Lavo inc., avec ses 122 employés d’usine syndiqués, est une entreprise montréalaise dont les relations étaient difficiles entre la direction et le Syndicat des travailleuses et travailleurs de Lavo ltée (CSN) (Maschino, 2003a, dans Boivin et coll., p. 8 et 11). Après le déménagement de l’usine en 2001, les parties ont demandé les services du ministère, puis ont entamé en février 2002 un séminaire en relations du travail pour contrer, entre autres, le manque de confiance et de respect mutuel, les divergences fréquentes dans l’interprétation des clauses de la convention collective, l’accumulation de problèmes non réglés en plus des tensions entre des employés et des contremaîtres (Maschino, 2003a, dans Boivin et coll., p. 8). Ils ont abouti à un plan d’amélioration de leurs rapports de travail. En septembre 2002, lors d’un bilan de l’évolution de leurs relations, ils ont demandé au médiateur de bien vouloir les assister dans quelques réunions du comité des relations du travail pour ne pas revenir à une logique de contestation et à consolider leur approche.
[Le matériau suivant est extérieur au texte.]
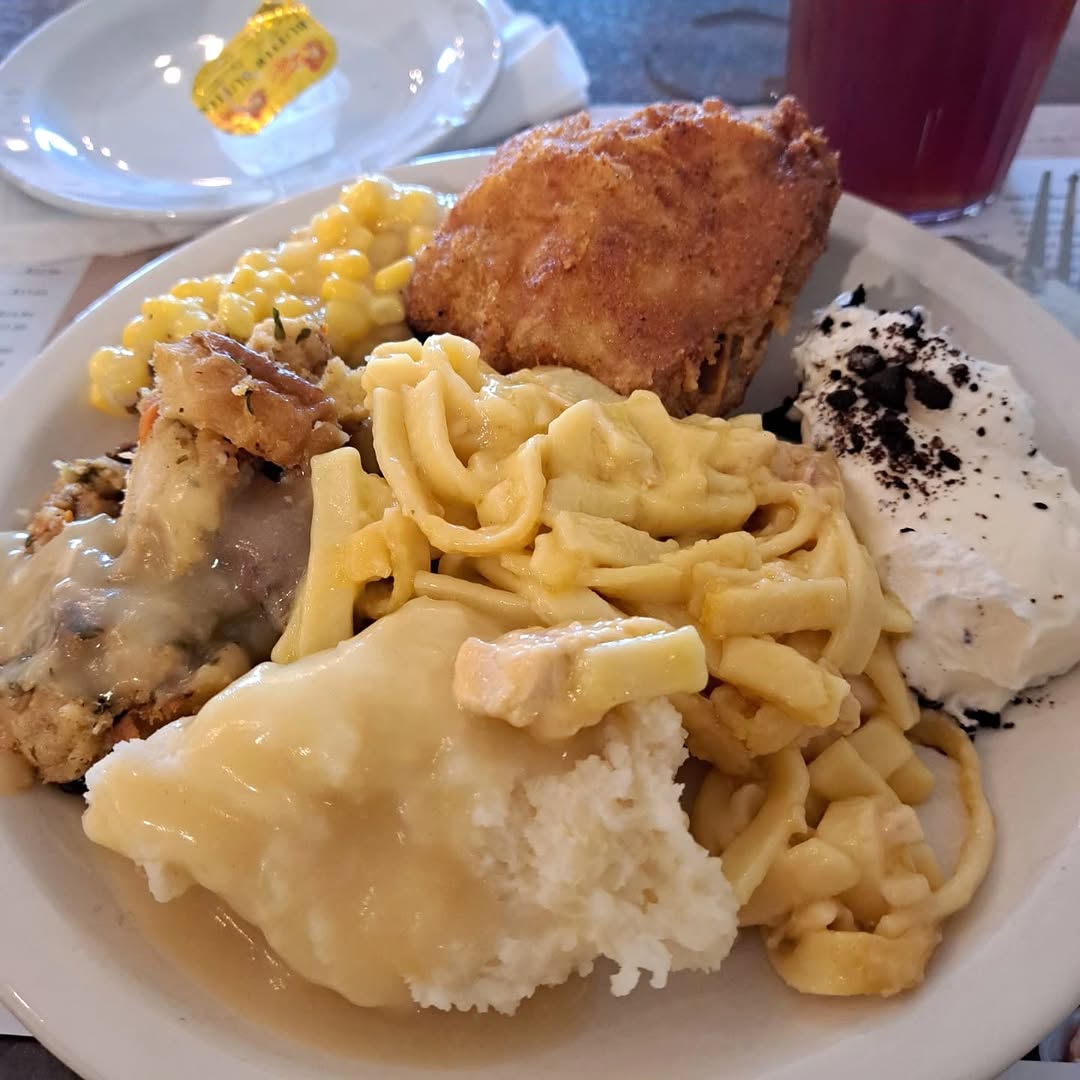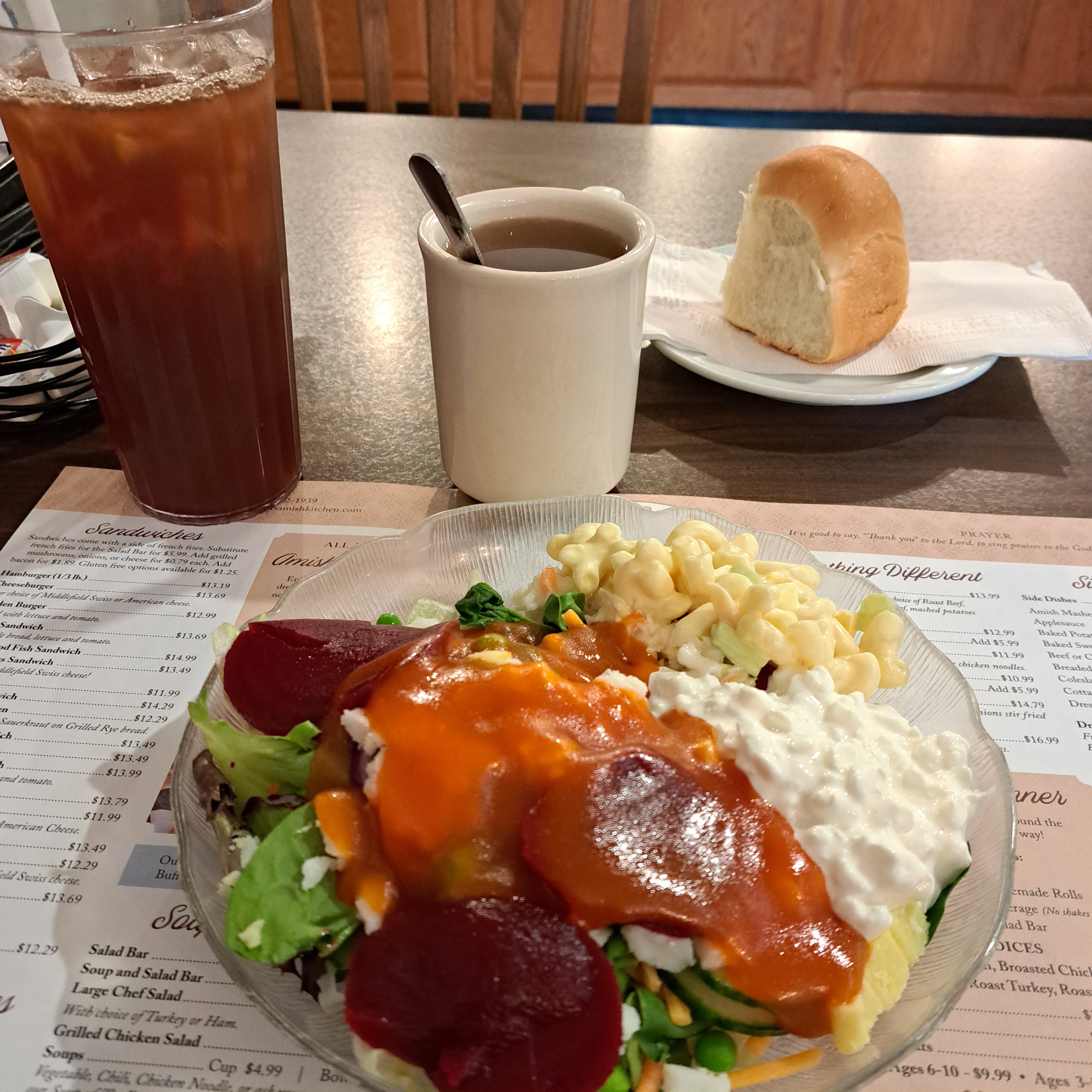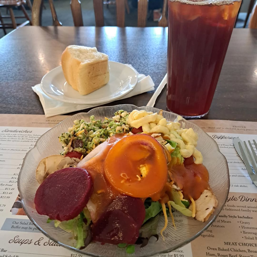 Mary Yoder’s Amish Kitchen opened in 1987 and is owned by the Miller family. Located in Middlefield, which is apparently in the center of the fourth largest Amish community in the world, Mary Yoder’s features a full-service restaurant serving breakfast, lunch, and dinner; a bakery; a private banquet room; and a gift shop. It’s not necessarily Cleveland, but Cleveland-adjacent and close enough to be a fun road trip. In fact, I took a spontaneous road trip out there for the dinner buffet in July. I drove out there a lot when I lived in Solon. It’s about an hour’s drive from Cleveland Heights either down South Woodland or on 422 to 700 (scenic drive over LaDue Reservoir and down some side roads past Amish homes and farms). I also love driving there in the fall to enjoy the changing leaves (I recommend the hot apple cider in the fall – see photo below). It’s definitely a tourist location and a tourist restaurant. That being said, you will see locals dining here as well as the occasional Amish or Mennonites dining here (but to be fair I saw a table of them at Cowboy Food and Drink in Bainbridge last month).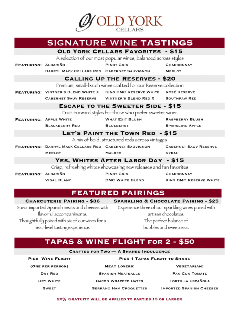 Our Signature Wine & Dine Experiences are the perfect way to elevate your visit to Old York Cellars. .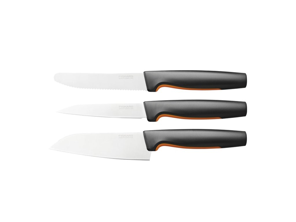 * Sada oblíbených nožů Fiskars Functional Form ™ obsahuje tři základní nože pro každodenní přípravu pokrmů: loupací, snídaňový, malý kuchařský nůž.
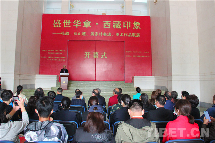 本次展覽由西藏自治區(qū)文學(xué)藝術(shù)界聯(lián)合會(huì)、西藏高山文化發(fā)展基金會(huì)主辦,西藏自治區(qū)人民政府駐北京辦事處和《一帶一路與茶馬古道》籌委會(huì)協(xié)辦,由張飆、鄭山麓、黃家林三位藝術(shù)家聯(lián)袂,以書法、詩(shī)詞、繪畫的藝術(shù)形式展現(xiàn)了在黨中央堅(jiān)強(qiáng)領(lǐng)導(dǎo)下,西藏自治區(qū)取得的巨大成就,以及西藏自治區(qū)各族人民加強(qiáng)民族團(tuán)結(jié)、建設(shè)美麗西藏的生動(dòng)實(shí)踐。同時(shí),本次展覽展品中還包括了記錄醫(yī)護(hù)工作者抗擊新冠肺炎疫情的優(yōu)秀作品。在上百件展品中,張飆創(chuàng)作的反映西藏自治區(qū)經(jīng)濟(jì)社會(huì)發(fā)展成就的詩(shī)詞、書法,鄭山麓創(chuàng)作的呈現(xiàn)西藏自治區(qū)舞蹈藝術(shù)魅力的60米國(guó)畫長(zhǎng)卷《甲諧舞吉祥之盛世歡歌》,以及黃家林以布達(dá)拉宮為主題創(chuàng)作的油畫作品是展覽的亮點(diǎn),吸引觀眾紛紛駐足。

À cette même date, « les superviseurs ont reçu une formation sur la

tenue de réunions et sur l’évolution de leur rôle vers celui de conseiller et de coordonnateur » (Maschino, 2003a, dans Boivin et coll., p. 11).

En résumé, le séminaire a non seulement permis aux parties de retrouver un dialogue satisfaisant, mais a aussi favorisé la mise en place d’un comité en relation du travail et la formation d’un comité d’interprétation de la convention collective pour développer une compréhension commune de certains termes et en clarifier d’autres (Maschino, 2003a, dans Boivin et coll., p. 10). Un point était encore à réaliser et portait sur le fait de devoir renforcer le suivi des décisions prises dans le comité de relations du travail. Puisque la progression du dialogue entre les parties était devenue bonne, au printemps 2003, les parties envisageaient la préparation d’un plan pour accroître le travail d’équipe, renforcer l’utilisation des bonnes méthodes de travail et faciliter les liens entre les équipes (Maschino, 2003a, dans Boivin et coll., p. 11).